Произнося последнюю фразу, Грибердсон улыбнулся, и Драммонд встревожился, так как не понял, почему тот улыбается, но промолчал.
- Мне кажется, внезапное перемещение во времени в чужой мир сказалось на вашем психическом равновесии. Будем надеяться, что скоро все пройдет, иначе это может кончиться безумием или смертью.
- Это угроза? - воскликнул Драммонд.
- У меня и в мыслях не было угрожать. Я всего лишь обдумываю возможные варианты. - Грибердсон помолчал, а затем добавил: - Мне жаль, что так вышло, потому что для ведения эффективной научной работы, конфликты нам не нужны. Времени у нас мало, а сделать предстоит много. Мы не можем тратить время на дрязги...
- Дрязги? - заорал Драммонд. - Потерять жену - это дрязги? Услышать обвинение в предумышленном убийстве - это дрязги?
- Вы не потеряли жену, потому что мы с Речел не сделали ничего, в чем вы могли бы упрекнуть нас. Точно так же я не обвиняю вас в попытке совершить убийство. Но вы находитесь под подозрением.
- Что же я должен сделать, чтобы оправдаться?

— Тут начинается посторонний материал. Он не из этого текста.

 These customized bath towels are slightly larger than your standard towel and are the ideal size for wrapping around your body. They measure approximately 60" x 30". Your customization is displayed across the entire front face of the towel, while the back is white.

- Боюсь, что исправить ничего нельзя, - сказал Грибердсон. - Поэтому предлагаю заняться делом и попытаться оставить друг друга в покое. Честное слово, Драммонд, мне не хотелось бы оказаться в ситуации, когда я должен буду испытывать к вам благодарность.

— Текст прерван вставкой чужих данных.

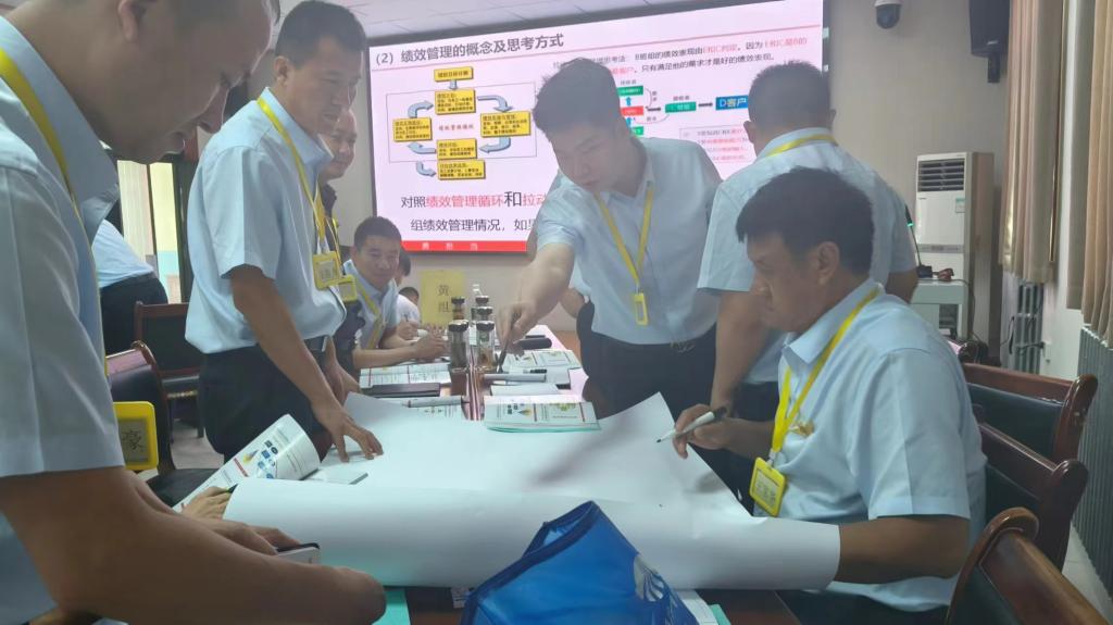 在培訓(xùn)中,優(yōu)秀的馮海波老師,為我們詳細(xì)講解了班組長的八項能力的提升,讓我系統(tǒng)了解了什么是標(biāo)桿班組、如何打造一支標(biāo)桿班組、如何做一名優(yōu)秀的金牌班組長等內(nèi)容,并采用師生互動的教學(xué)方式,使課堂氣氛活躍,讓大家快樂學(xué)習(xí)、高效提升。組織各小組開展研討交流,參學(xué)成員分享各自平時學(xué)習(xí)和工作中積累的經(jīng)驗教訓(xùn),制作管理模板,大家取長補短,進(jìn)一步提升管理效能,創(chuàng)新工作方式方法,運用新思路、新想法,充分展現(xiàn)企業(yè)良好形象和個人素質(zhì)能力。

- Посмотрите на нее! - сказал Драммонд. Он указал на Речел. Преданная жена! Верная супруга! Моя прекрасная, любимая, невинная Речел! Она верит вам! Она считает, что я пытался застрелить вас!
- Или ее. Или нас обоих, - сказал Грибердсон.
- Драммонд, вы больны, - сказала Речел. - Только сейчас я поняла, что вы и впрямь способны на убийство. Я никогда не замечала, что вы ревнивы. Во всяком случае, до такой степени. С вами что-то случилось, и это причиняет мне боль. Но...
- Иди к черту! Идите к черту оба!
Он посмотрел на фон Биллмана, который сидел, опустив голову, и потягивал кофе.
- Вы тоже можете отправляться к черту!
- Что я вам сделал? - осведомился Биллман.
- Вы верите им, а не мне! - бросил Драммонд и шагнул во тьму.
Остальные молчали. Они сидели вокруг костра на эластичных подушках. Пламя освещало два белых конуса хижин. Чуть подальше, ярдах в тридцати, раздавались голоса. Люди племени разговаривали и смеялись шуткам друг друга. Они были довольны. Никто не болел, и мяса было вдоволь.
Ученые поставили свой лагерь в стороне от других жилищ, так как не хотели, чтобы им мешали во время вечерних совещаний. Они собирались остаться здесь на три дня, чтобы как следует изучить район. Но уход Драммонда нарушил их планы.
Речел посмотрела в беззвездное безлунное небо и произнесла:
- Скорей бы он вернулся. Сейчас опасно бродить одному. У него с собой только пистолет.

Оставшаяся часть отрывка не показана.